Instructions for the task.
Without including any pictures, write out the listing below exactly.

Dataset section.
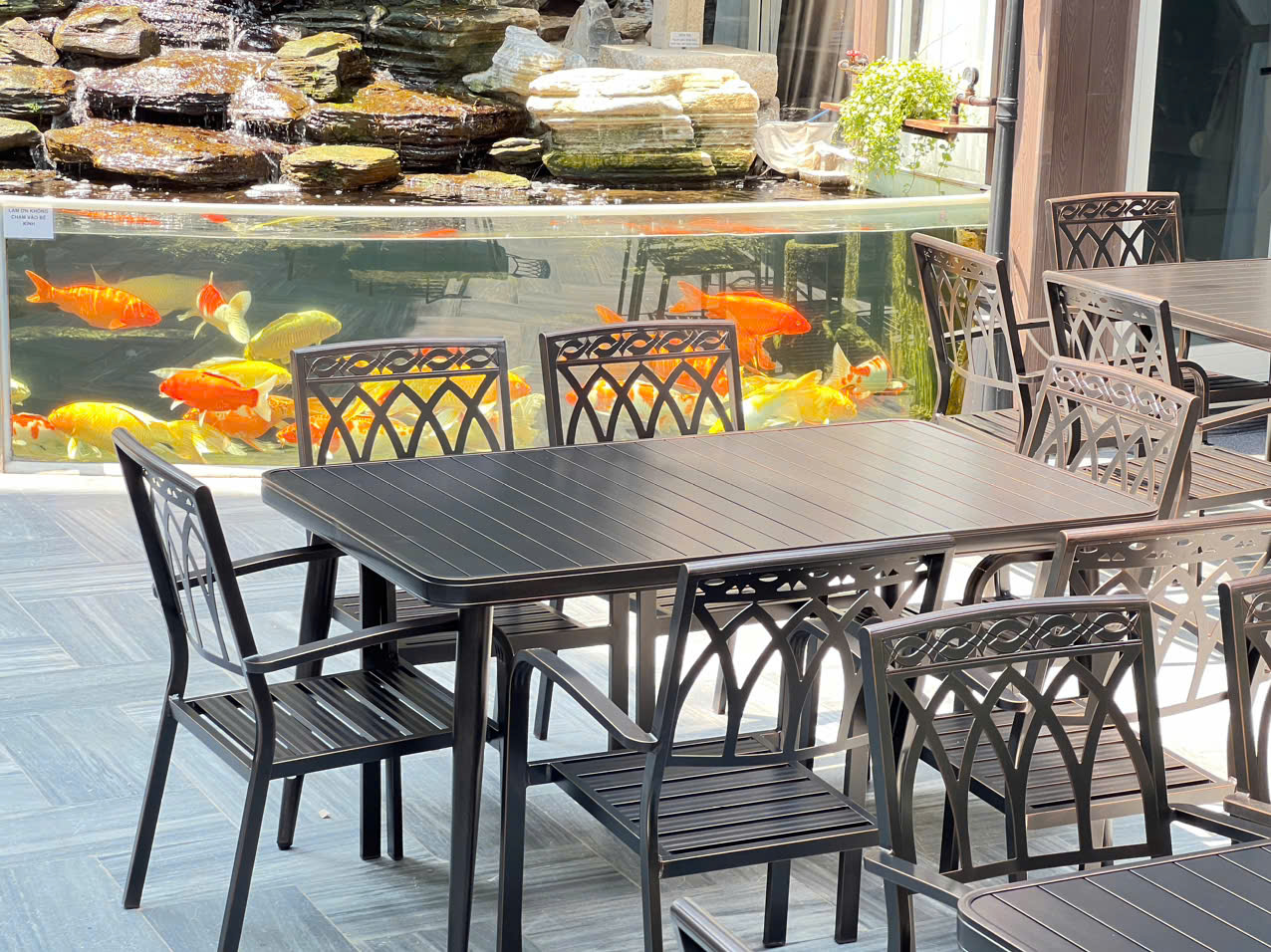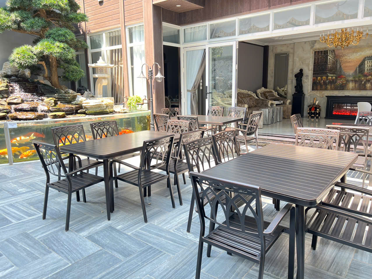 BÀN GIAO 5 BỘ BÀN NHÔM ĐÚC D150 6 GHẾ CHO NHÀ HÀNG TẠI LONG BIÊN - HÀ NỘI
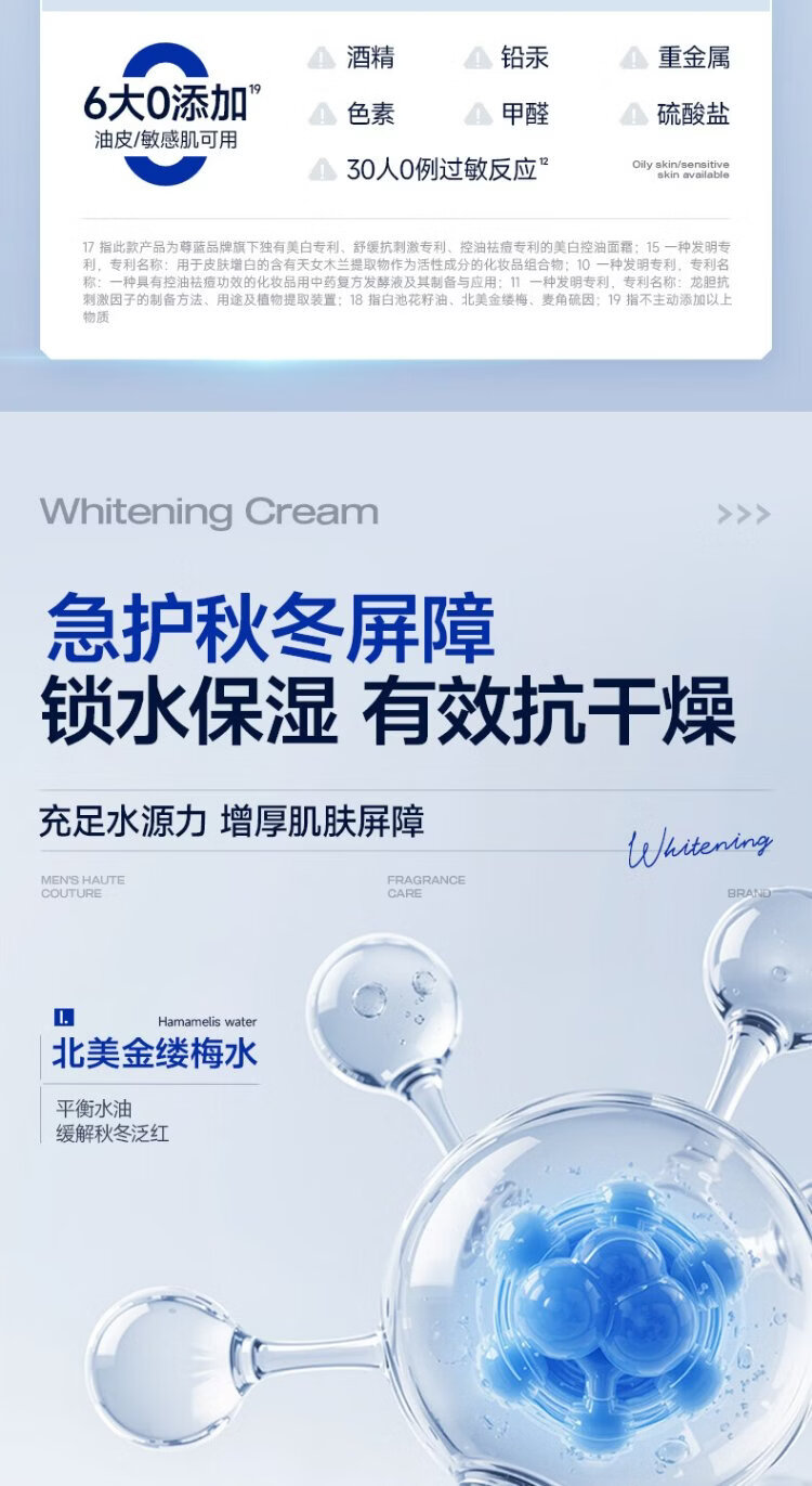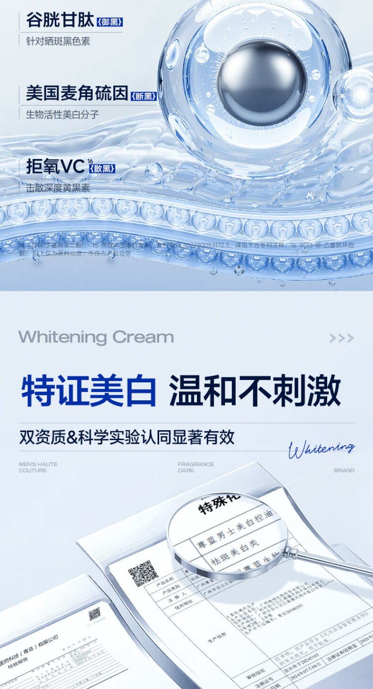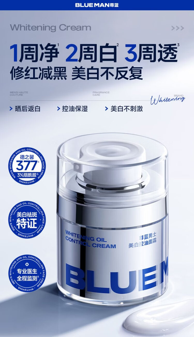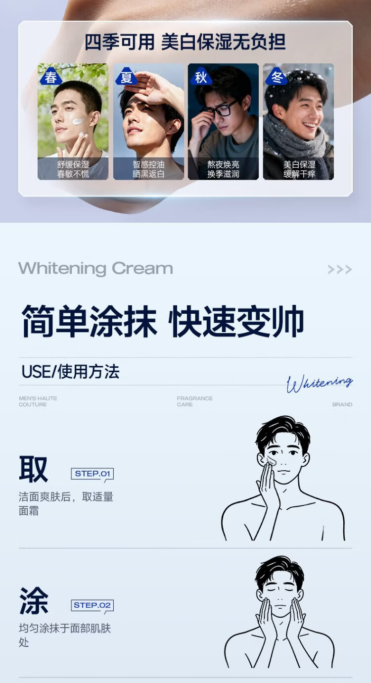 Zunlan men's whitening cream, hydrating and moisturizing lotion, removes spots, brightens skin tone, fades acne marks, men's skin care products 50g
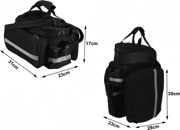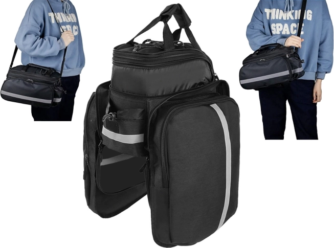 A biztonság fokozása érdekében a táska fényvisszaverő csíkokkal és esővédővel van felszerelve, amely a tartalmat kedvezőtlen időjárás esetén is megvédi. A teljes táska térfogata körülbelül 30 liter, amely bőven elegendő helyet biztosít minden kerékpáros igényére.
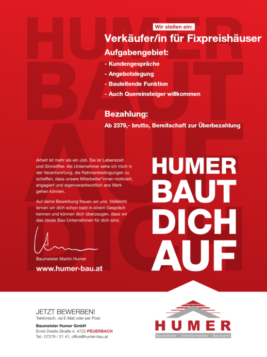 Baumeister Humer GmbH – Baumeister Zimmermeister Baumarkt  »  JOB  »  Verkäufer/in für Fixpreishäuser

Result for this exercise.
 BÀN GIAO 5 BỘ BÀN NHÔM ĐÚC D150 6 GHẾ CHO NHÀ HÀNG TẠI LONG BIÊN - HÀ NỘI
 Zunlan men's whitening cream, hydrating and moisturizing lotion, removes spots, brightens skin tone, fades acne marks, men's skin care products 50g
 A biztonság fokozása érdekében a táska fényvisszaverő csíkokkal és esővédővel van felszerelve, amely a tartalmat kedvezőtlen időjárás esetén is megvédi. A teljes táska térfogata körülbelül 30 liter, amely bőven elegendő helyet biztosít minden kerékpáros igényére.
 Baumeister Humer GmbH – Baumeister Zimmermeister Baumarkt  »  JOB  »  Verkäufer/in für Fixpreishäuser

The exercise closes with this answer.